Well, ImSo, I admit that we were both working full time, and on nearly equal salaries. As time went on, he got a much better paid job, but was still putting in four fifths, probably three times what I was contributing. I did have a baby, and did quite a bit of overtime before mat leave. My money lasted until I returned to work when DS was 5mths.
The thing is, we had saved to buffer our finances to tide us over the mat leave, and could cope financially.
Obviously when couples circumstances change, the financial arrrangements should too, by mutual discussion. People can arrange the proportion of what they contribute to suit the circumstances - full time four fifths, part time two fifths for example. It doesn't matter how you do it, the point is, you are open and honest with each other and discuss it, not keep one person short and the other holding all the purse strings, making unilateral decisions about what shall or shall not be spent. I was just offering a suggestion for Stripey to consider. It seems her dh is being very evasive about their finances.
AliceT, I so hope not, for your sake!

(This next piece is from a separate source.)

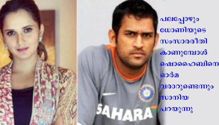 ന്യൂഡൽഹി: പാക്കിസ്ഥാൻ ക്രിക്കറ്റ് താരവും സ്വന്തം ഭർത്താവുമായ ഷുഹൈബ് മാലിക്കും മുൻ ഇന്ത്യൻ ക്യാപ്റ്റൻ മഹേന്ദ്ര സിംഗ് ധോണിയും തമ്മിലുള്ള സാമ്യതകൾ എണ്ണിപ്പറഞ്ഞ് ടെന്നീസ് താരം സാനിയ മിർസ.

Does he go through supermarket receipts and moan about what you buy?
Neenz, it is possible to not know this will happen to you, in cases where spouses develop addictions to gambling, drugs, run up massive secret debts, and swipe all the money in desperation. As told to me by a financial advisor who had to sort out these situations. By the same token, if you are separated/divorced you should never hold a joint signatory savings account on behalf of a child/ren of that marriage, as that could be withdrawn in the same way, both parents being able to withdraw money until a child is 7 and able to hold an account in their own name.